NUSA DUA, KOMPAS — Badan Ekonomi Kreatif meluncurkan buku Kopi: Indonesian Coffee Craft and Culture pada acara gala dinner bersama peserta Konferensi Dunia Ekonomi Kreatif (WCCE) 2018, Rabu (7/11/2018) malam, di Hotel Sofitel Nusa Dua, Bali. Buku ini berisi perjalanan sejarah hingga kultur minum minuman kopi di Nusantara.
”Buku ini harus dilihat sebagai bagian apresiasi terhadap kopi Indonesia. Bagaimana cerita kopi dari biji sampai pemrosesannya menjadi sebuah minuman. Sejarah kopi tiba di Nusantara berlanjut hingga budaya minum,” ujar Kepala Badan Ekonomi Kreatif (Bekraf) Triawan Munaf.
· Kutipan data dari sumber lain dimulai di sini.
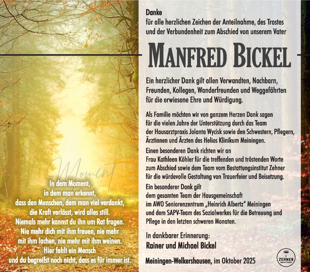 Hier finden Sie alle Traueranzeigen aus der Zeitung, die bisher für Manfred Bickel erschienen sind. Weitere Traueranzeigen, die in der Zeitung erscheinen, werden hier ebenfalls aufgelistet
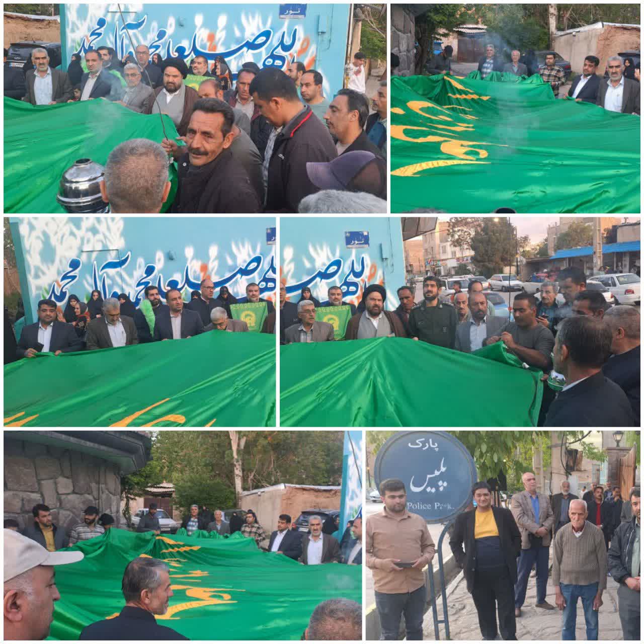 اهتزاز پرچم تکه دوزی شده مزین به نام مبارک علی ابن موسی الرضا(ع) در شهر آبسرد
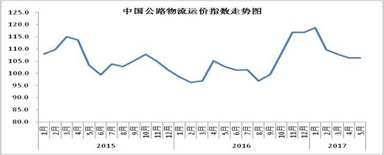 中國(guó)物流與采購(gòu)聯(lián)合會(huì)發(fā)布的2017年5月份中國(guó)物流業(yè)景氣指數(shù)為57.7%較上月回落0.5個(gè)百分點(diǎn);中國(guó)倉(cāng)儲(chǔ)指數(shù)為52.4%,較上月回落2.7個(gè)百分點(diǎn);中國(guó)公路物流運(yùn)價(jià)指數(shù)為106.33點(diǎn),比上月回升0.07%;中國(guó)電商物流運(yùn)行指數(shù)同比指數(shù)為121點(diǎn),比上月小幅回落0.1點(diǎn)。
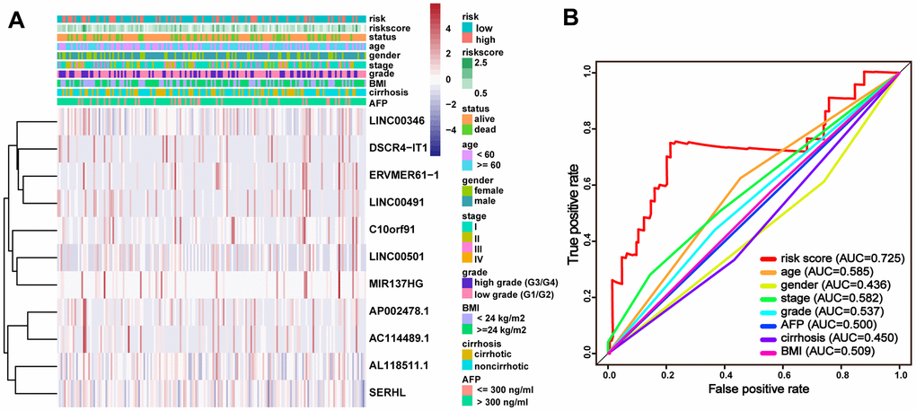 Cancer hallmark and immune signature analysis in our study revealed that the high-risk group of the lncRNA signature largely concentrated in DNA repair, PI3K/AKT/MTOR signaling pathway, glycolysis and immunologic characteristics in HCC. The PI3K/AKT/mTOR signaling pathway does pivotally work in regulating cellular apoptosis, survival, metabolism, and differentiation [15]. We inferred that the 11 lncRNAs might be crucial in regulating HCC through PI3K/AKT/mTOR signaling pathway. Thereafter, the immunologic signature analysis suggested that these lncRNAs had a possible link with immune regulation. Consistent with the previous immune signature analysis, our findings were expanded and confirmed the discovery that the lncRNA signature in HCC showed significant correlation with immune cell infiltration. This suggested that the signature might participate in immune regulation. Nevertheless, the function of immune cell infiltration in HCC still remains unknown. Our preliminary observations provided a perspective opinion to investigate this issue, and further studies were warranted in the future.
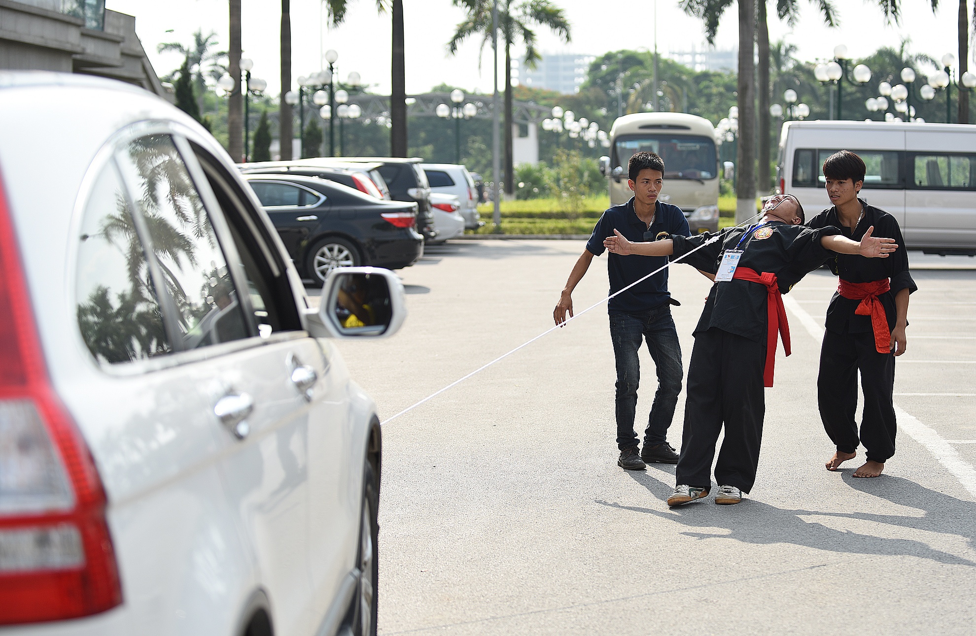 | Có 4 người để hỗ trợ người biểu diễn tiết mục này. Chiếc xe 16 chỗ, nặng 2 tấn sẽ được kéo trên quãng đường dài 20 m. |

Indonesia menjadi negara pengekspor biji kopi (beans) terbesar kedua di dunia, dengan total nilai 1,2 miliar dollar AS pada akhir 2017. Dengan nilai sebesar ini, volume biji lebih dari 460.000 ton. Per Februari 2018, Indonesia telah mengekspor sekitar 22.000 ton biji kopi. Jumlah ini terus bertambah setiap bulan.
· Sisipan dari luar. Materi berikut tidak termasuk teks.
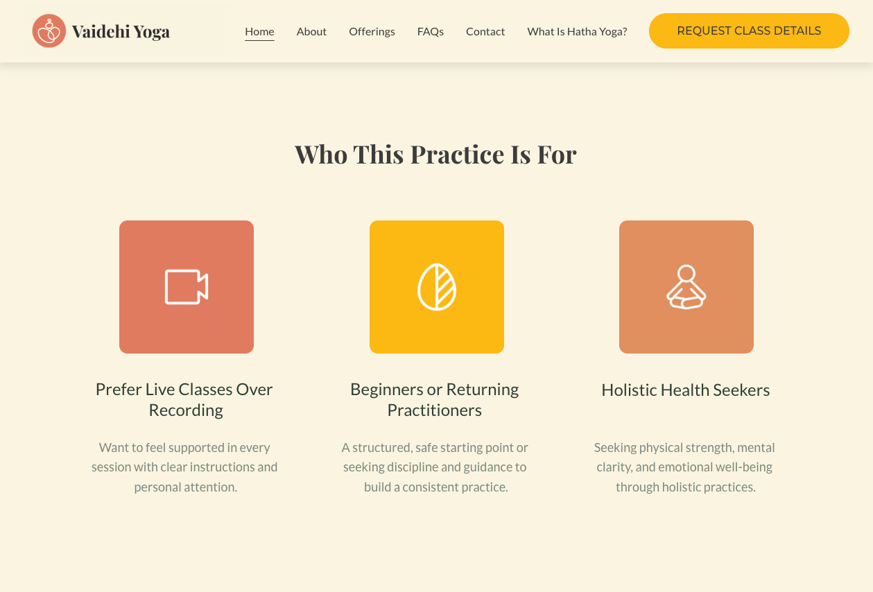 Multiple CTAs create friction through choice. More importantly, "Request Class Details" rather than "Sign Up Now" signals the enrollment process is considered, not impulsive. That framing filters for students who are serious, which is exactly who this practice is for.

Kultur minum kopi yang dimaksud misalnya kopi duren Medan. Warga Medan suka mencampur minuman kopi dengan buah durian. Contoh lain, kopi sanger Aceh. Warga Aceh terbiasa minum minuman kopi yang sudah digabung dengan susu.
Lebih jauh, Triawan mengatakan, dirinya kerap kali menemukan orang yang hanya mengenal kopi arabika Jawa. Padahal, Indonesia memiliki jenis lain yang tidak kalah enak untuk dijadikan bahan minuman. Sebagai contoh, kopi arabika Toraja, kopi arabika Kintamani, dan kopi arabika Gayo.
Sejak sekitar dua tahun terakhir, Bekraf memiliki perhatian meningkatkan nilai tambah terhadap minuman kopi Indonesia. Bentuk dukungan bermacam-macam, antara lain memfasilitasi akses pembiayaan pengusaha minuman kopi dengan lembaga jasa keuangan, sertifikasi profesi barista, dan mengupayakan merek kedai minuman kopi specialty lokal merambah ke pasar internasional.